Train hits building in Japan

A crowded Japanese commuter train derailed yesterday and slammed into an apartment building, killing at least 56 people and injuring hundreds in the country's worst rail accident in more than 40 years. Workers struggled into the night to rescue people...

A crowded Japanese commuter train derailed yesterday and slammed into an apartment building, killing at least 56 people and injuring hundreds in the country's worst rail accident in more than 40 years.

Workers struggled into the night to rescue people trapped in crumpled wreckage and twisted metal in the first-floor car park of the building.

"From what rescuers have been able to see, at least four people are believed alive," a fire department spokesman said. "But the train is very badly crushed and it's hard to tell much more than that. We cannot deny that others may be in there."

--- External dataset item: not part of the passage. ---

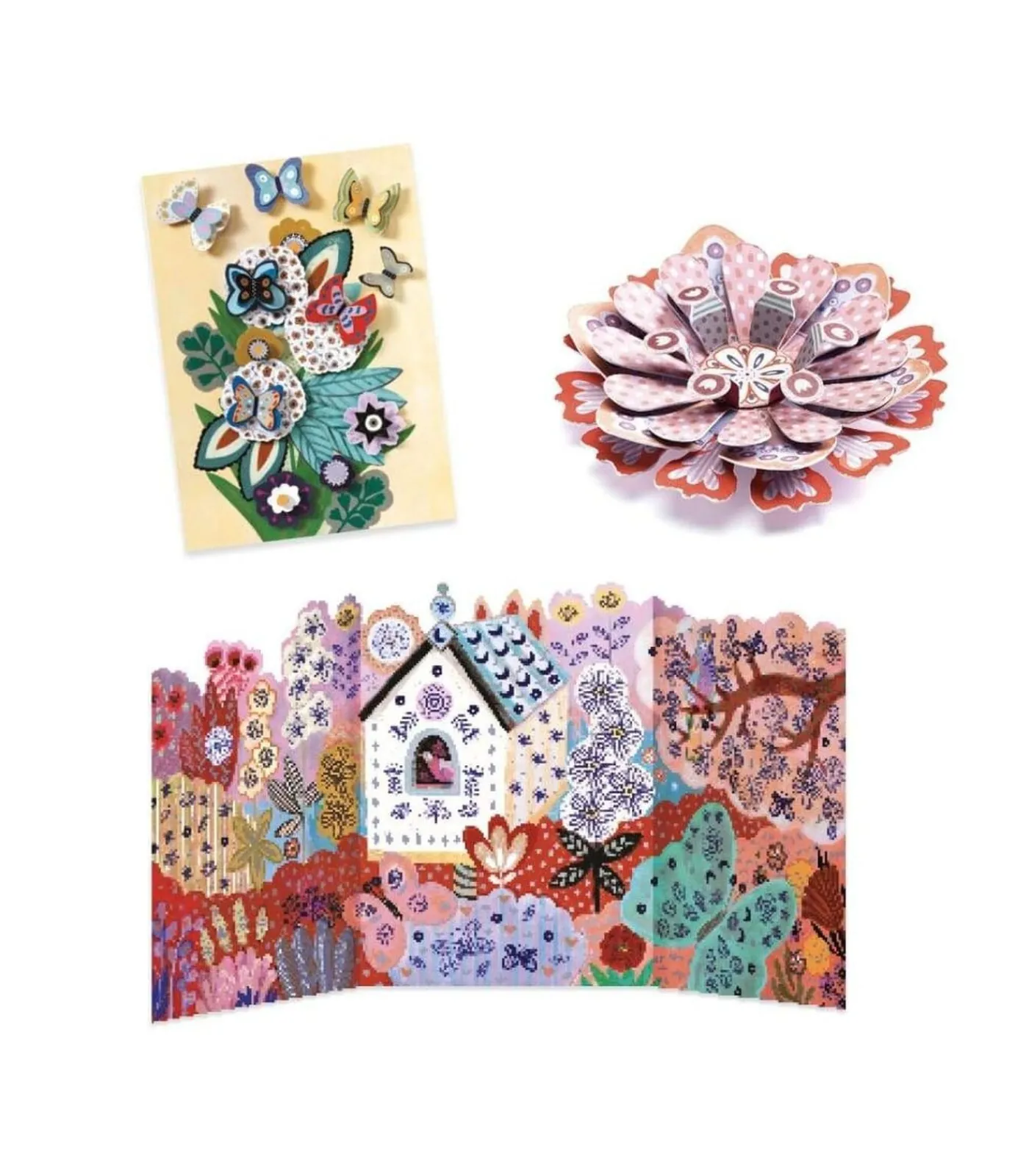 Dit is een complete set met 6 creatieve activiteiten en vele projecten rond het thema bloemen: schilderen, tekenen, collages maken, vouwen, kraskaarten krassen en 3D–taferelen maken. Voor ieder wat wils! Urenlange manuele activiteiten om verschillende creatieve technieken te ontdekken en je onder te dompelen in een bloementuin. Alle accessoires zijn aanwezig, zodat de kinderen elke activiteit kunnen uitvoeren volgens hun eigen wensen en nieuwsgierigheid. Het boekje waarin elke activiteit stap voor stap wordt beschreven, helpt de kinderen bij het creatieve proces.Inhoud: Schilderen: 1 schilderkarton (21 x 29,7 cm), 1 palet met 8 tabletten plakkaatverf en het bijbehorende penseel. Slinger om te krassen en ineen te zetten: 8 kraskaarten (4 bloemen + 4 vlinders), 1 katoenen streng, 1 houten pen. Bloemen knutselset: 6 vellen papier in de vorm van een bloemenkroon, aan beide zijden bedrukt om los te maken en in elkaar te zetten, 1 vel dubbelzijdige stickers. Collages: 1 kleurplaat (21 x 29,7 cm), dubbelzijdige tape, 4 vellen glittermateriaal. Tekenen: 1 grote kleurplaat (63 x 29 cm), 13 foamkussens, 1 blauw inktkussen, 1 zilver metallic gelpen. 3D–taferelen: 2 kleurplaten (15 x 21 cm), 2 vellen van voorgesneden vormen, dubbelzijdige stickers. 1 stap–voor–stap instructieboekje in kleur.Veel projecten voor uren plezier!6 activiteiten om te ontdekken: schilderen, tekenen, collages maken, kraskaarten krassen, vouwen, 3D–tekeningen maken.Alle materialen zijn inbegrepen.1 instructieboekje met een stap–voor–stap beschrijving van elke activiteit.Gemaakt van FSC®–gecertificeerd papier en karton.Het merk Djeco is een familiebedrijf uit Frankrijk, ze hechten veel waarde aan de kwaliteit van hun merk. Djeco artikelen hebben prachtige designs en zijn daarom altijd een mooi cadeau om te geven!

Officials said they did not know the cause of the crash, which took place shortly after the morning rush hour. But passengers said they felt the train, which had been late leaving the previous station, had been moving faster than normal.

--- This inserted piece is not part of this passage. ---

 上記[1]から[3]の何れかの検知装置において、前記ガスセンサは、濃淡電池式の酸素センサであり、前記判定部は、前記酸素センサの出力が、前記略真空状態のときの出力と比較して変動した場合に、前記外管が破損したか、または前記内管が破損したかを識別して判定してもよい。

The fire department spokesman said 56 had died. More than 400 people were taken to hospital.

Five of the train's seven cars derailed in the accident. The train was carrying about 580 passengers when it crashed into the building in Amagasaki, slightly west of Osaka, which was just six metres from the railway track.

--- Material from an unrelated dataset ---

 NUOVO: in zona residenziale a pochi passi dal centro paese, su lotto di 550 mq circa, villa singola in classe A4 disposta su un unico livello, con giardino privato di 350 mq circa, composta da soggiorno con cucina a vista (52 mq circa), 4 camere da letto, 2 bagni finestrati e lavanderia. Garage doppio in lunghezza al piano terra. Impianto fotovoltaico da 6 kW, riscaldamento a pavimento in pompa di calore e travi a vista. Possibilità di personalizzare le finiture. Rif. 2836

Rescuers in hard hats clustered near the twisted remains of the front two cars, one of which had been smashed to less than half its normal width, using cutters and ladders to get inside.

Railway officials said that calculations had shown that a train could derail if it were travelling at nearly twice the speed limit at the site where the accident occurred.

Passenger Tatsuya Akashi, who had been on his way to work, told public broadcaster NHK it felt as if the train had speeded up as it went around a curve.

"I thought there were some strange swings, and then the train derailed. No one knew what happened and everyone kept screaming," he said.

It was the worst train accident in Japan since 1963 when about 160 people were killed in a multiple train collision at Yokohama, near Tokyo.

"There was no side to the car any more, and bleeding people were crawling out. I heard others screaming 'it hurts, it hurts'", a woman in her 20s told NHK.

Soldiers from Japan's Self-Defence Forces were sent to the scene to help with rescue efforts.

Operator West Japan Railway Co. (JR West) said the cause of the derailment was under investigation but it confirmed that the train had over-shot the station at its previous stop.

"The priority for now is to rescue the passengers," West Japan Railway President Takeshi Kakiuchi told a news conference.